There are a lot of questions to ask yourself before you dismiss an employee, but we highlight three of the most important ones. In a lot of instances, some employers are too eager to dismiss an employee for some form of misconduct. This has in almost all of those instances, landed the employer in hot water. The Labour Relations Act and Code of Good Practice sets out the procedures that need to be followed when an employer wants to dismiss an employee. This is not always an easy process and if not followed correctly, the employer can be requested by the CCMA and relevant forums.
1. Does my employee need to be dismissed?
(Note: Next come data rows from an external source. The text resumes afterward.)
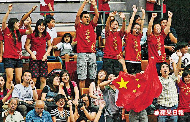 撐中國隊着紅衫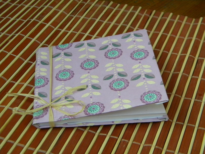 Ručně vyrobený bloček z tvrdé čtvrtky a tvrdšího dekoračního papíru.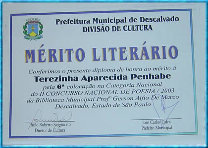 recebeu Menção Honrosa, sendo sua autora agraciada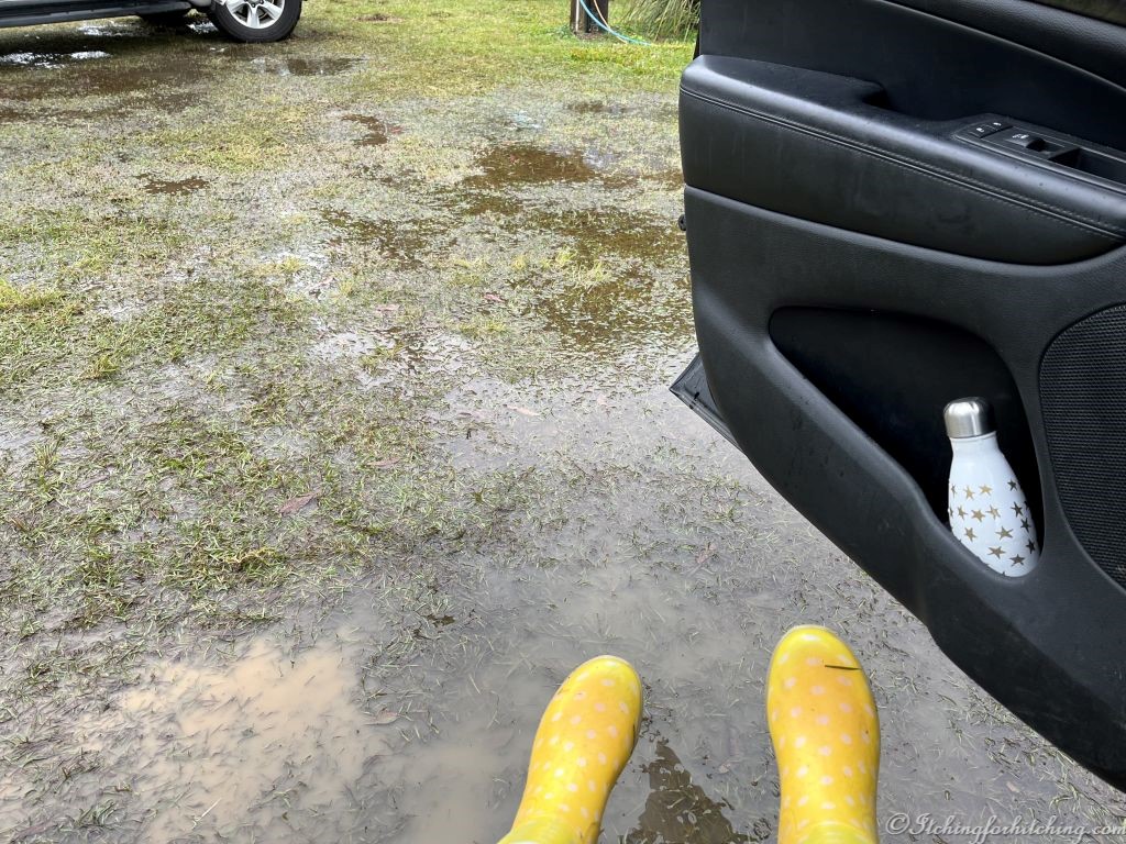 It rained all night and this morning the ground is all puddles making it hard for the boys to pack up. This rain band stretches way down the east coast and we’re only getting the lightest of it.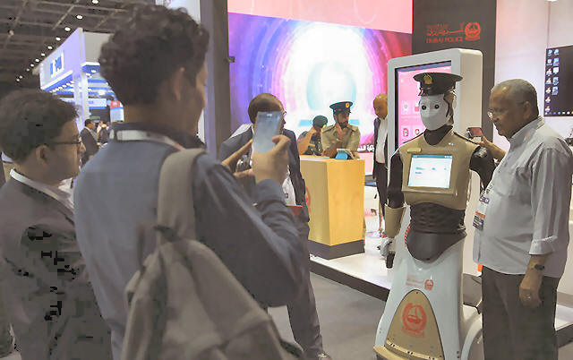 Clad in the colors of the Dubai Police uniform, the life-size robot,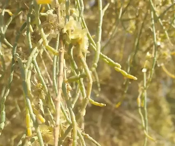 梭梭(学名:Haloxylon ammodendron (C. A. Mey.) Bunge)是藜科梭梭属植物,小乔木,高1-9米,树杆地径可达50厘米。树皮灰白色,木材坚而脆。花着生于二年生枝条的侧生短枝上;花被片在翅以上部分稍内曲并围抱果实;花盘不明显。胞果黄褐色,果皮不与种子贴生。种子黑色。花期5-7月,果期9-10月。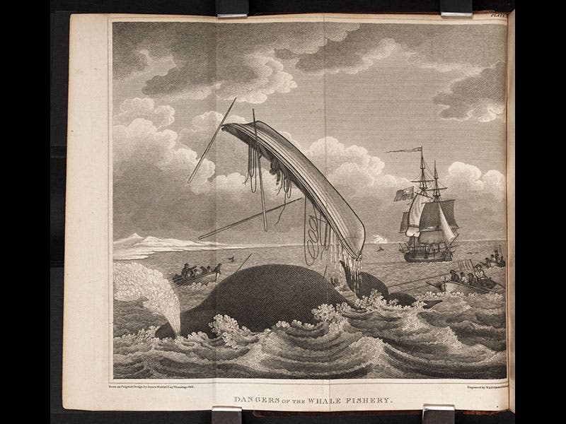 Scoresby’s Account of the Arctic Regions (1820) has a graphic frontispiece depicting the dangers of whaling (fourth image); it is also the source of the first three images above. We have now acquired his Journal of a Voyage to the Northern Whale-Fishery (1823), which is an account of an 1822 expedition to Greenland. After he returned from this voyage, Scoresby went to Cambridge, earned a divinity degree, gave up his Arctic exploration, and was elected a Fellow of the Royal Society. There is a memorial to both Scoresbys, father and son, in Whitby (fifth image). The crow’s nest was chosen because it was invented by the father, William Senior.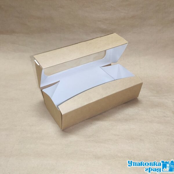 Контейнер из целлюлозного крафт-картона с окном. Размер: 170*70*40мм. Подходят для десертов, суши, роллов, фастфуда, "еды на вынос". Возможно использовать в СВЧ. В коробе 250 шт.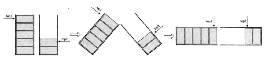 数组有两个端点,分别为两个栈的栈底,一个栈的栈底的位置为数组为0的地方,另一个栈的栈底为数组下标为SIZE-1的位置,SIZE为数组的长度。两个栈如果增加元素,就是两端点向中间延伸。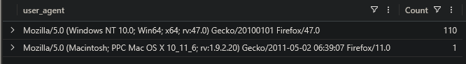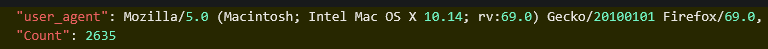 | where user_agent == "Mozilla/5.0 (Macintosh; Intel Mac OS X 10.14; rv:69.0) Gecko/20100101 Firefox/69.0"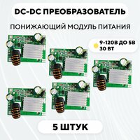 Понижающий модуль питания DC-DC преобразователь, 9-120 В до 5 В (5V 3A, комплект, 5 шт.): сравнение цен, характеристики, фото, актуальное наличие и цены.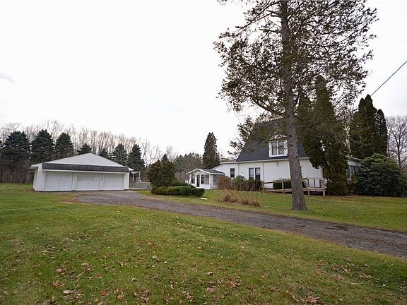 HOME IS OCCUPIED-APPMNTS ONLY..OWNER IN RESIDENCE. SOME REFURBISHMENT NEEDED -VERY FUNCTIONAL. 24 HR NOTICE FOR SHOWINGS-2WK MOVE OUT PLEASE - Century farmhouse with so much potential to offer at a great price on approximately 2 acres & almost 200 ft. of frontage. Sporting both side and front enclosed porches (rear is possible mud room). Spacious rooms include an Eat-in Kitchen, Formal Dining Room, Living Room & Family Room. Roof replace 7/17 on house except back porch and back family room. Electric Panel - 2015 & Central Air and furnace is 2008. 3 Car Garage has two bays with garage openers and one without - tons of room inside this garage - with new garage roof just put on Dec 2019 with a HUGE Deck attached. Extra building with a foundation NOT A POLE BUILDING 24x24 Outbuilding - needs some TLC But Sweat Equity abounds here! 2018 Prior Appraised county value 198K. Super convenient location. Two full bedrooms up and one bedroom on the main floor. Laundry in basement - but we think there was a dryer outlet in the utility room on main floor off family room there are water hookups but they are not currently active. SOOOOOOOOOOOOOOO much to offer - some hardwoods under carpets up stairs and in some rooms - buyer should verify if that is important to them. Lovely century home - foundation is super - system work is newer just do the cosmetics and have a great home - what a joy to bring this up to it's original beauty!!!! Public water per prior owner is across the street.

Most companies have policies and procedures in place that governs the actions of an employee. Usually an employer will have each employee sign for the policies and procedures, in other instances the policies and procedures can be found online and when the employee signed the employment contract it stipulates where the policies and procedures may be found. For each transgression a suitable remedy is listed.
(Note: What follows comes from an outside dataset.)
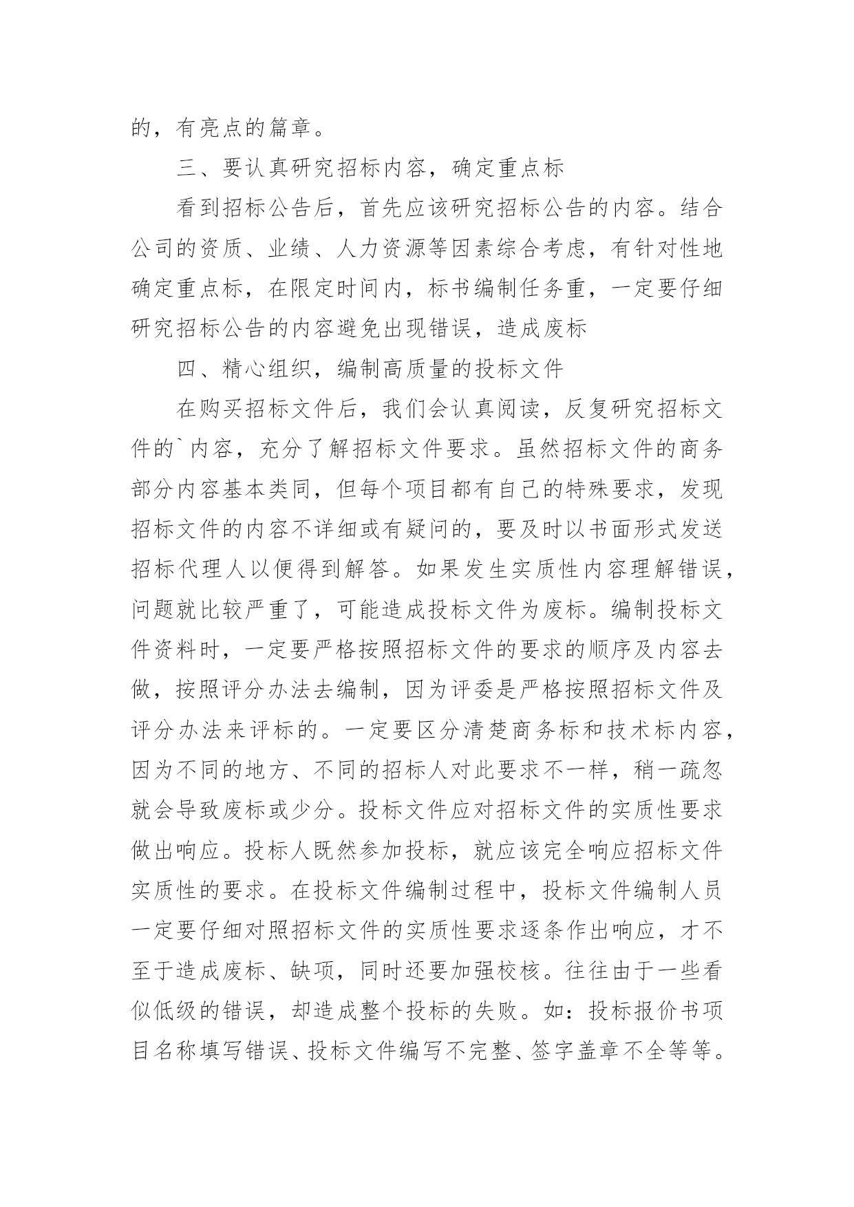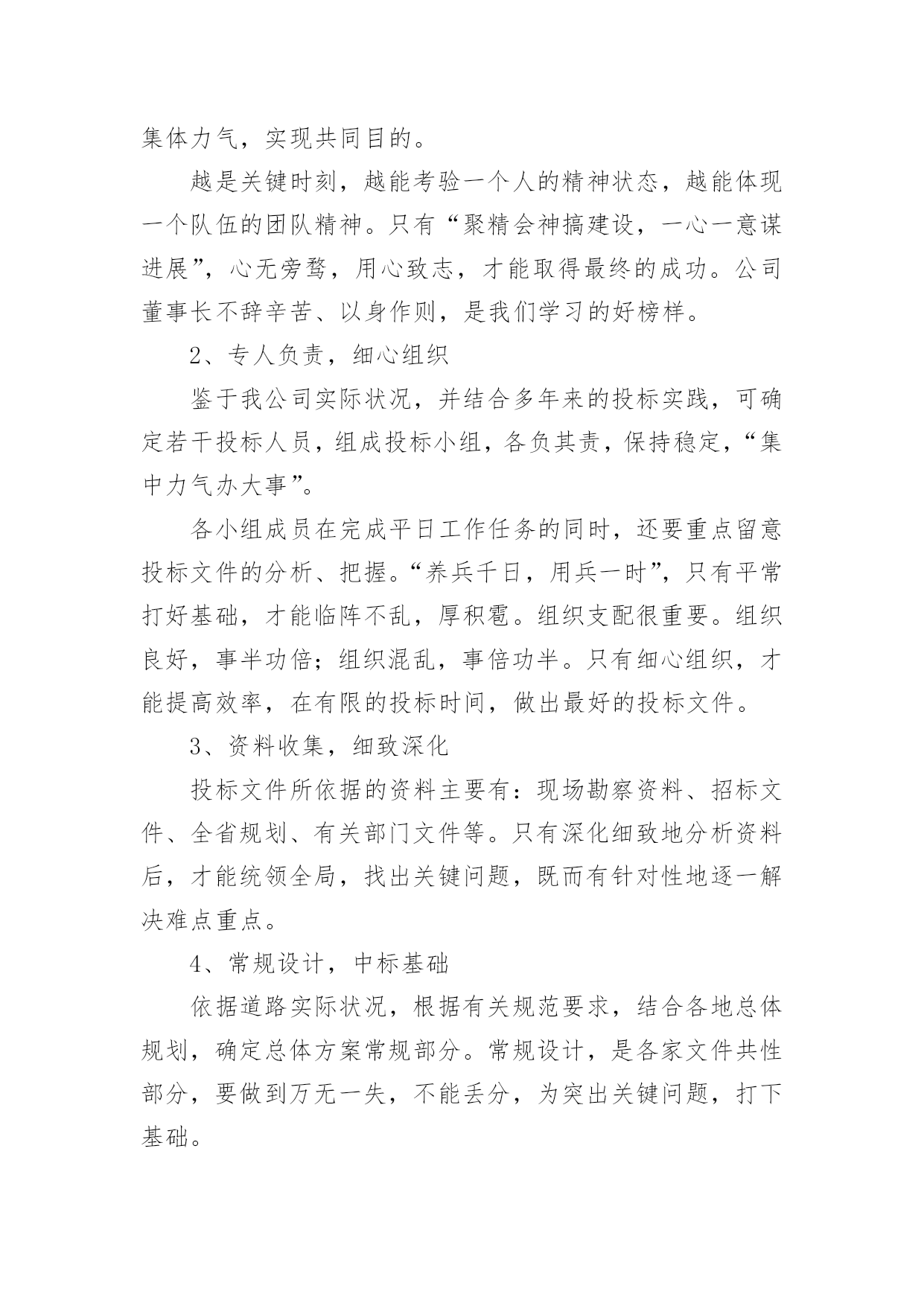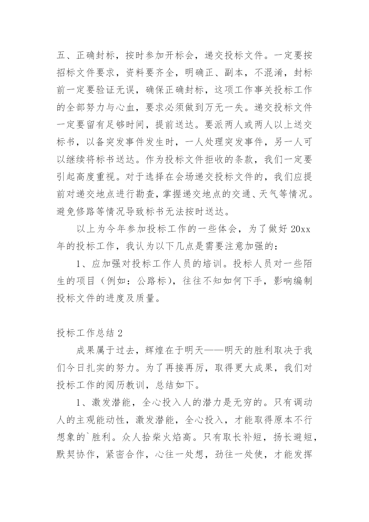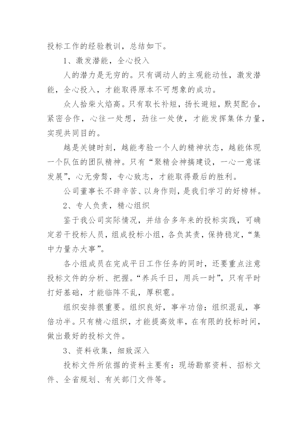 投标工作总结总结是事后对某一时期、某一项目或某些工作进行回顾和分析,从而做出带有规律性的结论,它可以促使我们思考,因此好好准备一份总结吧。那么总结有什么格式呢?以下是小编为大家整理的投标工作总结,欢迎大家借鉴与参考,希望对大家有所帮助。投标工作总结1岁月流转,时光飞逝,转眼间迎来20xx年,我参与了公司的大部分项目投标工作,现就我参与投标工作的一些体会和以下如何做好投标工作总结如下:一、平时多充电学习说到投标,这个概念又可以扩展很广泛,我要做的就是不光制作标书,平时还要做好各方面资料的收集、学习。我们要学习相关法规政策,要有一定的财务知识,要有一定的工程经济的知识,还要有相关的施工技术知识。二、做好公司相关资料的统计汇总1、建好公司资料库:营业执照、资质证书、机构代码证、近三五年最有代表性的业绩资料等等。2、建好人才资料库:建立各类人员的档案资料,如施工员、造价员、预算员等人员的相关资料(含个人简历)。3、收集不同类别的,有影响工程的施工组织设计,便于快速编制施工组织设计,在此基础之上,再增添有针对性的,有亮点的篇章。三、要认真研究招标内容,确定重点标看到招标公告后,首先应该研究招标公告的内容。结合公司的资质、业绩、人力资源等因素综合考虑,有针对性地确定重点标,在限定时间内,标书编制任务重,一定要仔细研究招标公告的内容避免出现错误,造成废标四、精心组织,编制高质量的投标文件在购买招标文件后,我们会认真阅读,反复研究招标文件的`内容,充分了解招标文件要求。虽然招标文件的商务部分内容基本类同,但每个项目都有自己的特殊要求,发现招标文件的内容不详细或有疑问的,要及时以书面形式发送招标代理人以便得到解答。如果发生实质性内容理解错误,问题就比较严重了,可能造成投标文件为废标。编制投标文件资料时,一定要严格按照招标文件的要求的顺序及内容去做,按照评分办法去编制,因为评委是严格按照招标文件及评分办法来评标的。一定要区分清楚商务标和技术标内容,因为不同的地方、不同的招标人对此要求不一样,稍一疏忽就会导致废标或少分。投标文件应对招标文件的实质性要求做出响应。投标人既然参加投标,就应该完全响应招标文件实质性的要求。在投标文件编制过程中,投标文件编制人员一定要仔细对照招标文件的实质性要求逐条作出响应,才不至于造成废标、缺项,同时还要加强校核。往往由于一些看似低级的错误,却造成整个投标的失败。如:投标报价书项目名称填写错误、投标文件编写不完整、签字盖章不全等等。五、正确封标,按时参加开标会,递交投标文件。一定要按招标文件要求,资料要齐全,明确正、副本,不混淆,封标前一定要验证无误,确保正确封标,这项工作事关投标工作的全部努力与心血,要求必须做到万无一失。递交投标文件一定要留有足够时间,提前送达。要派两人或两人以上送交标书,以备突发事件发生时,一人处理突发事件,另一人可以继续将标书送达。作为投标文件拒收的条款,我们一定要引起高度重视。对于选择在会场递交投标文件的,我们应提前对递交地点进行勘查,掌握递交地点的交通、天气等情况。避免修路等情况导致标书无法按时送达。以上为今年参加投标工作的一些体会,为了做好20xx年的投标工作,我认为以下几点是需要注意加强的:1、应加强对投标工作人员的培训。投标人员对一些陌生的项目(例如:公路标),往往不知如何下手,影响编制投标文件的进度及质量。投标工作总结2成果属于过去,辉煌在于明天——明天的胜利取决于我们今日扎实的努力。为了再接再厉,取得更大成果,我们对投标工作的阅历教训,总结如下。1、激发潜能,全心投入人的潜力是无穷的。只有调动人的主观能动性,激发潜能,全心投入,才能取得原本不行想象的`胜利。众人拾柴火焰高。只有取长补短,扬长避短,默契协作,紧密合作,心往一处想,劲往一处使,才能发挥集体力气,实现共同目的。越是关键时刻,越能考验一个人的精神状态,越能体现一个队伍的团队精神。只有“聚精会神搞建设,一心一意谋进展”,心无旁骛,用心致志,才能取得最终的成功。公司董事长不辞辛苦、以身作则,是我们学习的好榜样。2、专人负责,细心组织鉴于我公司实际状况,并结合多年来的投标实践,可确定若干投标人员,组成投标小组,各负其责,保持稳定,“集中力气办大事”。各小组成员在完成平日工作任务的同时,还要重点留意投标文件的分析、把握。“养兵千日,用兵一时”,只有平常打好基础,才能临阵不乱,厚积雹。组织支配很重要。组织良好,事半功倍;组织混乱,事倍功半。只有细心组织,才能提高效率,在有限的投标时间,做出最好的投标文件。3、资料收集,细致深化投标文件所依据的资料主要有:现场勘察资料、招标文件、全省规划、有关部门文件等。只有深化细致地分析资料后,才能统领全局,找出关键问题,既而有针对性地逐一解决难点重点。4、常规设计,中标基础依据道路实际状况,根据

These remedies will most likely include warnings, final written warnings and then finally dismissal.
Some transgressions might warrant an immediate dismissal, due to the severity thereof. A lot of employers have made the mistake to believe that the term immediate dismissal means dismissing an employee on the spot right there and then. This is not the case. The Labour Relations Act sets out that a dismissal must be procedurally and substantively fair.
If you have identified that an employee had transgressed, the suitable remedy should be utilized. In case of an immediate dismissal transgression, it is important for an employee to contact the HR Department, alternatively a person that deals with the HR internally, in order to start the process of a disciplinary hearing.
2. Has the correct procedure been followed leading up to a disciplinary hearing and during the disciplinary hearing?
Following the correct procedure when informing an employee to attend a disciplinary hearing is just as important as the actual disciplinary hearing. A formal notice to attend a disciplinary hearing must be dispatched to the employee, providing him with 48 hours notice to attend. The employee must also be informed of his rights. On the day of the disciplinary hearing the chairperson must ensure that the procedure leading up to the hearing was followed.
If a correct procedure has been established and the chairperson recommends a dismissal, the employer can provide the employee with a dismissal letter.
3. Have I paid out all statutory leave to my employee and have I completed a UI-19 Form?
If the employee has leave days due to him, it is important for the employer to ensure that these monies are paid. If it is not paid, the employee can approach the Labour Court and in some cases will even approach the CCMA.
Together with the above, the employer must provide the UI-19 form to the employee in order for the employee to claim unemployment.
When deciding whether an employee needs to be dismissed, there are various factors that need to be taken into account. The above are just some of the important factors, but when an employee decides to dismiss an employee, contacting the HR manager / attorney will be the first step in ensuring that the matter is dealt with swiftly and correctly.